The Google Text fixture I use to make some examples on these algorithm is based on this class:
class FindTest : public ::testing::Test { protected: FindTest() { vi_.reserve(10); for(int i = 1; i <= 10; ++i) vi_.push_back(i*i); } std::vector<int> vi_; };As you can see, we have a vector containing the first 10 natural square numbers (zero excluded).
Find - Negative test.
The find algorithm scans all the items in the passed sequence comparing them with the value passed as third parameter. If successful, it returns the iterator to the found item, otherwise it return the right delimiter of the interval.
Let's if find() works like expected when looking for a value it is not in the sequence:
TEST_F(FindTest, CantFind) { auto it = std::find(vi_.begin(), vi_.end(), 42); EXPECT_TRUE(it == vi_.end()); }Notice that I use the C++11 keyword "auto" for saving a bit of typing. If your compiler does not support it yet, you should tell it the exact type, std::vector<int>::iterator, an iterator to a vector of int. Since the compiler could deduce that without our help, it's nice to let it doing the job.
Find - Positive test.
Easy enough. If we pass to find() a square number below or equals to 100, we expect it to find it:
TEST_F(FindTest, Find) { auto it = std::find(vi_.begin(), vi_.end(), 64); ASSERT_TRUE(it != vi_.end()); EXPECT_EQ(*it, 64); }From the point of view of the Google Test user, this code is (mildly) interesting because it shows the use of an ASSERT macro. Since we don't want to dereference the iterator in case we actually find that it is an invalid one, we assert that it should be different from end() on the vector.
Find If - Function.
If we want to find the first element in a sequence of integers that has 5 as divisor, we could create a function that checks its parameter for that, and use it as third parameter in a find_if() call:
bool five(int i) { return i%5 == 0; } TEST_F(FindTest, FindIfFunction) { auto it = std::find_if(vi_.begin(), vi_.end(), five); ASSERT_TRUE(it != vi_.end()); EXPECT_EQ(*it, 25); }Find If - Functor.

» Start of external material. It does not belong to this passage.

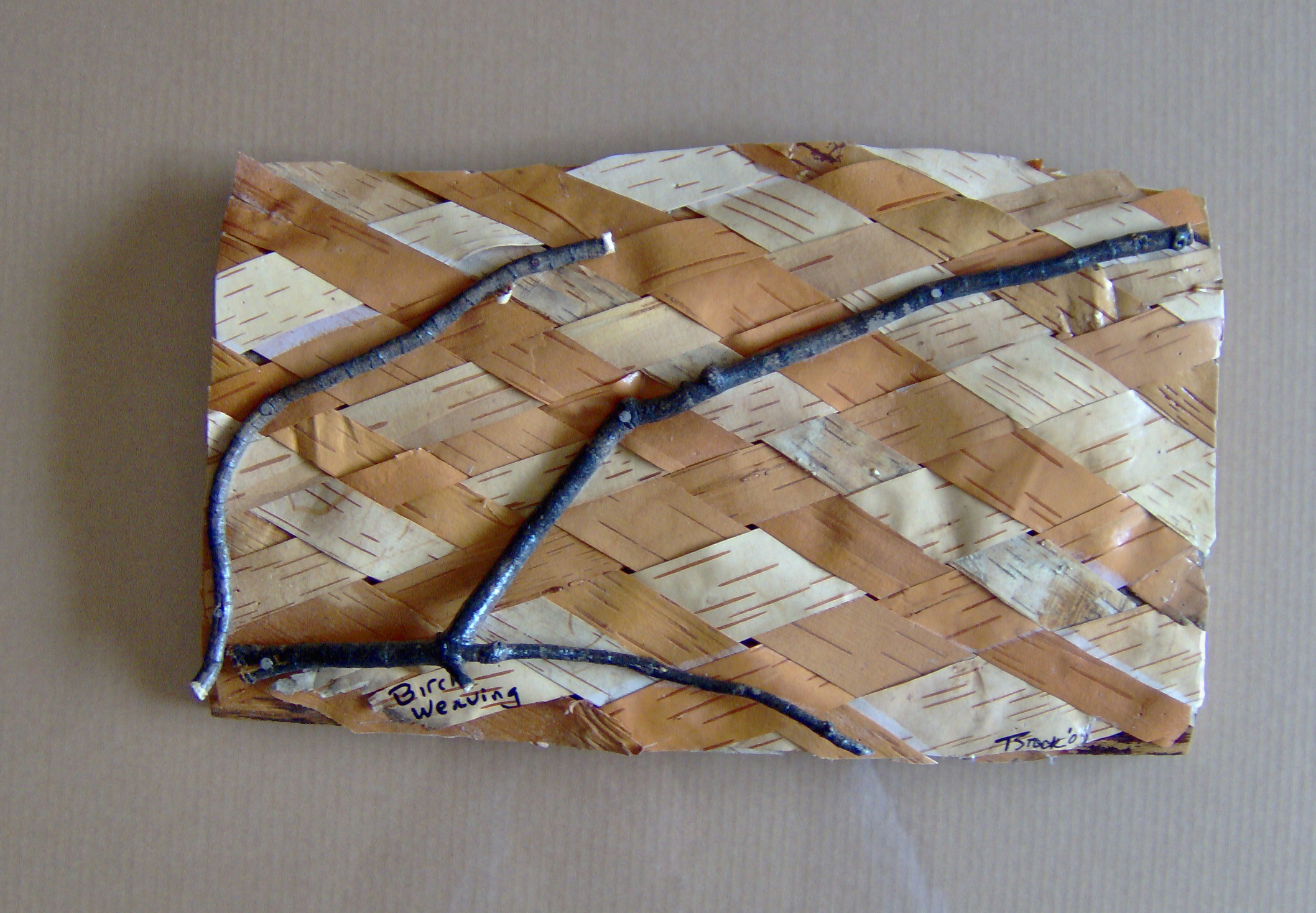 The art piece above is Birch Weaving by Manorville naturalist/puppeteer/farmer/artist Tom Stock. It is mounted on a curved piece of wood. The weaving is made from Adirondack Birch Bark that naturally peels off the trees. It measures 8″ x 14″.

If we are looking for a more generic solution, a functor could be a solution. Here we use Divisor, a functor that check if the passed value has as factor (aka divisor) the number we passed to its ctor:
class Divisor { private: int mod_; public: Divisor(int mod) : mod_(mod) {} bool operator()(int i){ return i % mod_ == 0; } }; TEST_F(FindTest, FindIfFunctor) { auto it = std::find_if(vi_.begin(), vi_.end(), Divisor(5)); ASSERT_TRUE(it != vi_.end()); EXPECT_EQ(*it, 25); }Find If - Reusing standard functors by adaptors.
Instead of creating a new class, it is better checking in the libraries at hand if there is anything we could reuse. In this specific case, we could think of using the modulus<> functor. That could be a good idea, but we should take care of the fact that find_if() expects a functor accepting one parameter, and not two, as modulus<>. This is not an issue, since we could wrap it with bind2nd, passing 5 as second parameter. Still, that is not all, because we need to reverse the result: our number has five as divisor if it is zero modulus five. This is not a problem too. We just apply the unary negator not1 to the result:
TEST_F(FindTest, FindFiveMod) { const int mod = 5; auto it = std::find_if(vi_.begin(), vi_.end(), std::not1(std::bind2nd(std::modulus<int>(), mod))); ASSERT_TRUE(it != vi_.end()); EXPECT_EQ(*it % mod, 0); }Find If - Lambda.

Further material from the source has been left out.